==== AVAILABLE DATA
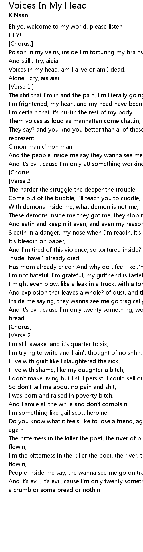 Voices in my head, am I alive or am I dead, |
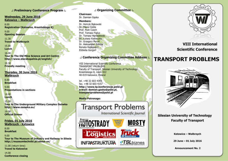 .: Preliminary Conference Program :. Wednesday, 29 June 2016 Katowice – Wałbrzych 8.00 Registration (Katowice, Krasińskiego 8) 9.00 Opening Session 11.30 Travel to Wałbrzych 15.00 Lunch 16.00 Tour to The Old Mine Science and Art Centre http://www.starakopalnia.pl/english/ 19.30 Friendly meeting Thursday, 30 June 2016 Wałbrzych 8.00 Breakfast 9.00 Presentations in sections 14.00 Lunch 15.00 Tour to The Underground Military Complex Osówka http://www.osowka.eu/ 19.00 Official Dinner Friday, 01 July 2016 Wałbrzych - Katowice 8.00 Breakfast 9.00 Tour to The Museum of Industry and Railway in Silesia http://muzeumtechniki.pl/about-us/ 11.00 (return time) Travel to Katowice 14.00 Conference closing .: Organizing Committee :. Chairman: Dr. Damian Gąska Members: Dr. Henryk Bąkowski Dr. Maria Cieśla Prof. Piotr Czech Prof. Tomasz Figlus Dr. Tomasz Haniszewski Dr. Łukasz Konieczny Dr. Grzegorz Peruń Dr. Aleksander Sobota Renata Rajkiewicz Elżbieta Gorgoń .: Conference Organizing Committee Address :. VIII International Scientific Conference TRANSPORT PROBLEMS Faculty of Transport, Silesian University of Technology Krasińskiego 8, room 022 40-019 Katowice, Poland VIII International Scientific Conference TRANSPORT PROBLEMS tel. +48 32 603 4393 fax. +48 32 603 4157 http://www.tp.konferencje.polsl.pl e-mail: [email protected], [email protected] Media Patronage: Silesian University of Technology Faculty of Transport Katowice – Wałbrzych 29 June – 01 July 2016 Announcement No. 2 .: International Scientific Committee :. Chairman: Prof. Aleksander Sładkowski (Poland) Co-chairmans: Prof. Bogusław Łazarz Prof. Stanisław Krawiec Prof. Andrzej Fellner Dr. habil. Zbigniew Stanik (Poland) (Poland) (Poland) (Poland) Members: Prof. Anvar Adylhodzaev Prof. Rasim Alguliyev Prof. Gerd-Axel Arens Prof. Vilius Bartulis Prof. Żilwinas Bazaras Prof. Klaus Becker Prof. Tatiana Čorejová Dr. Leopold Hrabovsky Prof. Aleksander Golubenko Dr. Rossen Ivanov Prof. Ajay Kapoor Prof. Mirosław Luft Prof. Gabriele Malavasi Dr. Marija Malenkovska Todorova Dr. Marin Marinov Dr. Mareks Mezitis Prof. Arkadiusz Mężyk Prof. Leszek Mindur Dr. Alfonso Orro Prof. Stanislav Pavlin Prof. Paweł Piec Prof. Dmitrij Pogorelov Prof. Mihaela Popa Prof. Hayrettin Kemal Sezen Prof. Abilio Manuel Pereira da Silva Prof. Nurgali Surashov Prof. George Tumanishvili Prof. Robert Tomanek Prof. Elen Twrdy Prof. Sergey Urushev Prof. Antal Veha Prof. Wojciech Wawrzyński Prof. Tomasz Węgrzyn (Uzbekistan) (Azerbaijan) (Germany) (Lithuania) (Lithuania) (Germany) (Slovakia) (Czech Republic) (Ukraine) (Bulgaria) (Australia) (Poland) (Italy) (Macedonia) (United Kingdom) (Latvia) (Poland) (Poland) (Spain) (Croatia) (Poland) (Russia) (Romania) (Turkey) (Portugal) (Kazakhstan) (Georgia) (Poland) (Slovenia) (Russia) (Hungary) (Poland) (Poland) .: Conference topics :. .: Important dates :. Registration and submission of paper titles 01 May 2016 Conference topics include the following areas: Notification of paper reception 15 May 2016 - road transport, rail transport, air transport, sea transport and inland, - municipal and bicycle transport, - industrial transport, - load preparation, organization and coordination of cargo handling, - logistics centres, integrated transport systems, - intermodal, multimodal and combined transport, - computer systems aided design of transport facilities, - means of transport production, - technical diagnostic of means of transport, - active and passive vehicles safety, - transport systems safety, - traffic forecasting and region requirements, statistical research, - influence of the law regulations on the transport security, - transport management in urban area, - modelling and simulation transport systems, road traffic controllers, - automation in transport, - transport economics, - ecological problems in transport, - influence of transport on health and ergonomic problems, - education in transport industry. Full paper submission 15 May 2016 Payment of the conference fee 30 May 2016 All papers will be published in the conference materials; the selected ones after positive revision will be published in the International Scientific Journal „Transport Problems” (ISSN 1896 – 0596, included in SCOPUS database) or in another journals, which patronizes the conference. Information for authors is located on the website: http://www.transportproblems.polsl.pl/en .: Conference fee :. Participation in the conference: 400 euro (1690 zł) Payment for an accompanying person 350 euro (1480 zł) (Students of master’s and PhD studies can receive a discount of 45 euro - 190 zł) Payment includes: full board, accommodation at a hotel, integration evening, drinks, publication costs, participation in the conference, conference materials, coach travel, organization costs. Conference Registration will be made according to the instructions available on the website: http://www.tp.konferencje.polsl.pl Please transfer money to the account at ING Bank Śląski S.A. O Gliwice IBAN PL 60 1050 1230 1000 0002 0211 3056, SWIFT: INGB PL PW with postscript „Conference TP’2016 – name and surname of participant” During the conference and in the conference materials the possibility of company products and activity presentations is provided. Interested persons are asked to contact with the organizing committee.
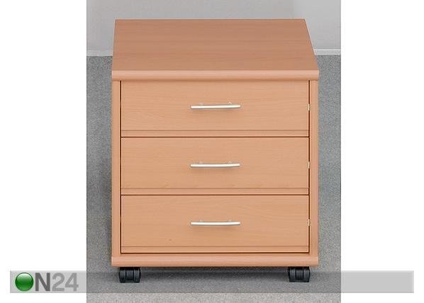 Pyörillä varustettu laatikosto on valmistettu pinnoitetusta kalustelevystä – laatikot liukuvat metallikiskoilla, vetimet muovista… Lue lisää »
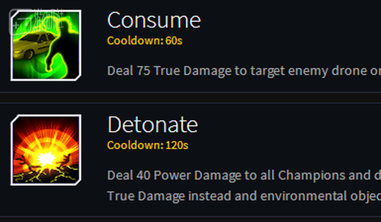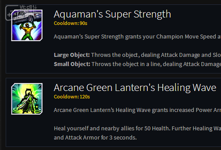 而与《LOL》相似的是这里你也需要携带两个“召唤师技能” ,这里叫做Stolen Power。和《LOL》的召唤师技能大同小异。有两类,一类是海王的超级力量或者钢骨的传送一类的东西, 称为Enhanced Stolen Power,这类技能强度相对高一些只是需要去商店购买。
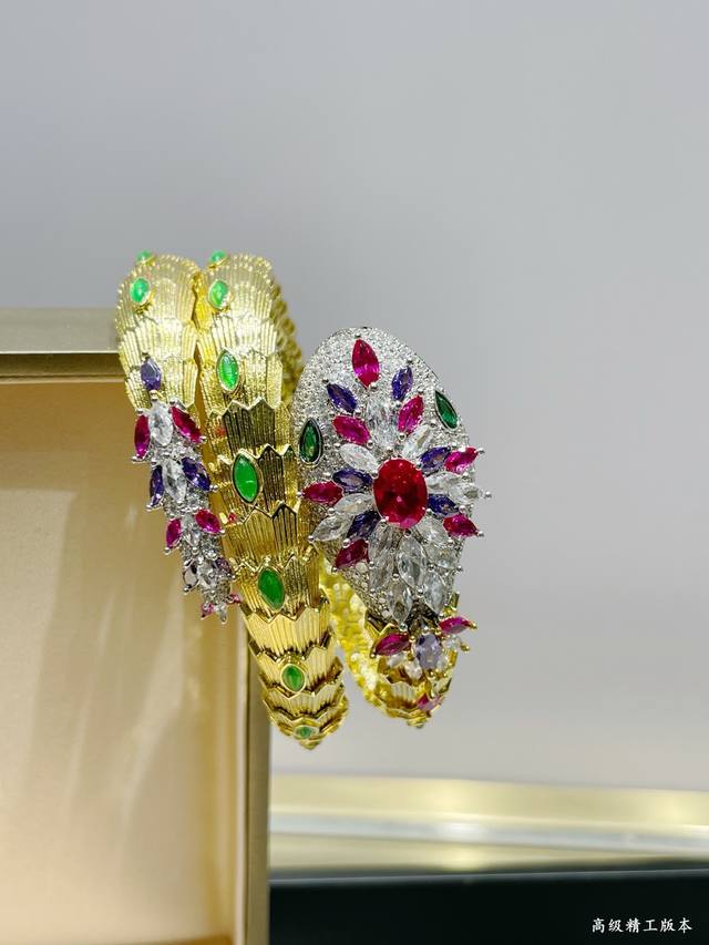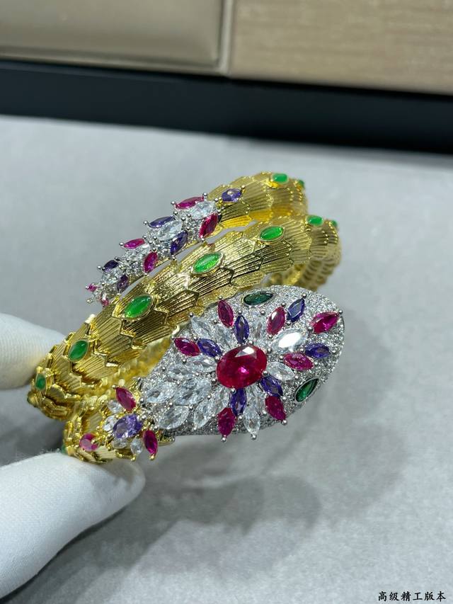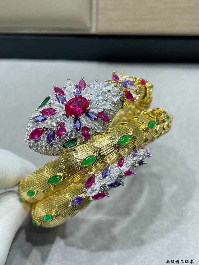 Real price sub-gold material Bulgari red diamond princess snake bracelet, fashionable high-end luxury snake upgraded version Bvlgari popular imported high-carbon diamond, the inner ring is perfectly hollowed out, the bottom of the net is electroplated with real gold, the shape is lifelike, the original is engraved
========
==== AVAILABLE DATA
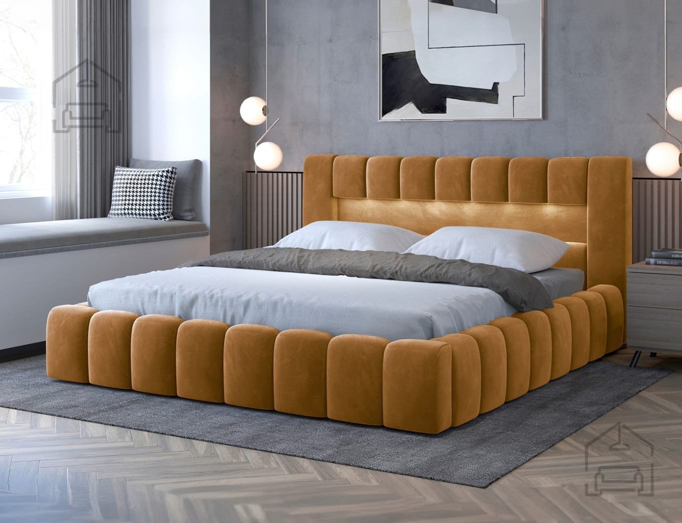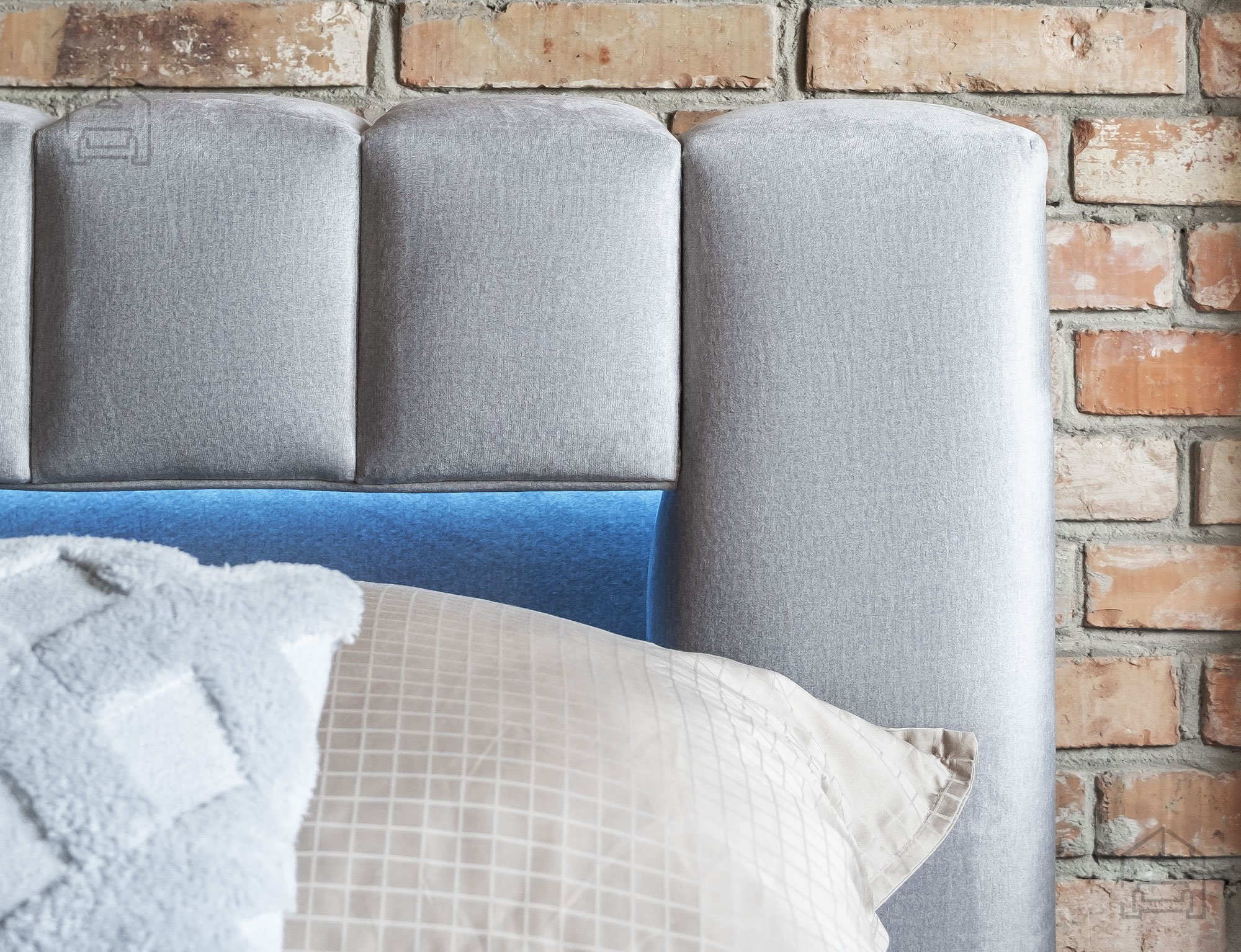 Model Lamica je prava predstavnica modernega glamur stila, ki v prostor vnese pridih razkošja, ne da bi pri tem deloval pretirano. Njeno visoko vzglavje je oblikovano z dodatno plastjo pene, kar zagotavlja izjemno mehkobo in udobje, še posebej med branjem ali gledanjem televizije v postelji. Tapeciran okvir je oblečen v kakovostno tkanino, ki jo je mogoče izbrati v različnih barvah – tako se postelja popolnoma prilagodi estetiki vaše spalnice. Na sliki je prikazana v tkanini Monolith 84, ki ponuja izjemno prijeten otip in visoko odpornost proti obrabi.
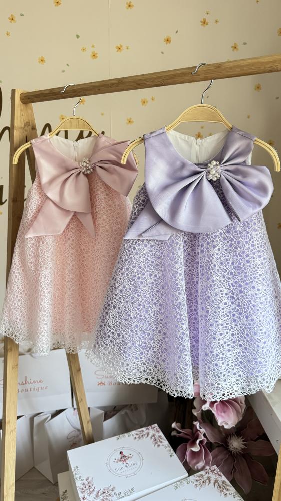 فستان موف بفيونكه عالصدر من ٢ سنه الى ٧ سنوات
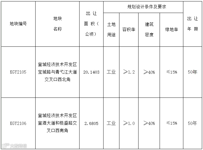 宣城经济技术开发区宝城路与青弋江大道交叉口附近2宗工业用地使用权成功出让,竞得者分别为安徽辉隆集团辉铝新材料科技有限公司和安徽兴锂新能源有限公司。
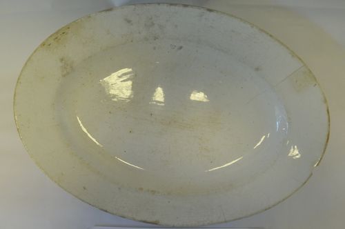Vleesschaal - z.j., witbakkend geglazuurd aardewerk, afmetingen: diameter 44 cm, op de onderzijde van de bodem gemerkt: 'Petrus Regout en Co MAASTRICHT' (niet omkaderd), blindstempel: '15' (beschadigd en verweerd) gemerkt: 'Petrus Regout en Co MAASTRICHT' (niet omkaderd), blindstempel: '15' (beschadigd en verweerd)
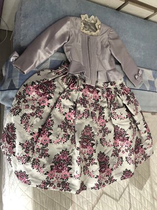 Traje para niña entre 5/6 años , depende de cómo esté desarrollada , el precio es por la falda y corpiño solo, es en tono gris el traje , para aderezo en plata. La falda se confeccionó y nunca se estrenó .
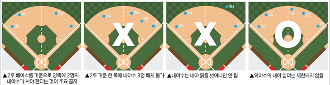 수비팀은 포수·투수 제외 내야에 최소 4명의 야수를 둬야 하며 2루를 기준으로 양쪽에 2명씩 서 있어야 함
========
EXERCISE DESCRIPTION: What's needed is an exact copy of the lines above from the one with "Pyörillä varustettu laatikosto" through the one with "称为Enhanced Stolen Power,这类技能强度相对高一些只是需要去商店购买。", both included; the pictures stay out.

SOLUTION TO THIS PROBLEM:
 Pyörillä varustettu laatikosto on valmistettu pinnoitetusta kalustelevystä – laatikot liukuvat metallikiskoilla, vetimet muovista… Lue lisää »
 而与《LOL》相似的是这里你也需要携带两个“召唤师技能” ,这里叫做Stolen Power。和《LOL》的召唤师技能大同小异。有两类,一类是海王的超级力量或者钢骨的传送一类的东西, 称为Enhanced Stolen Power,这类技能强度相对高一些只是需要去商店购买。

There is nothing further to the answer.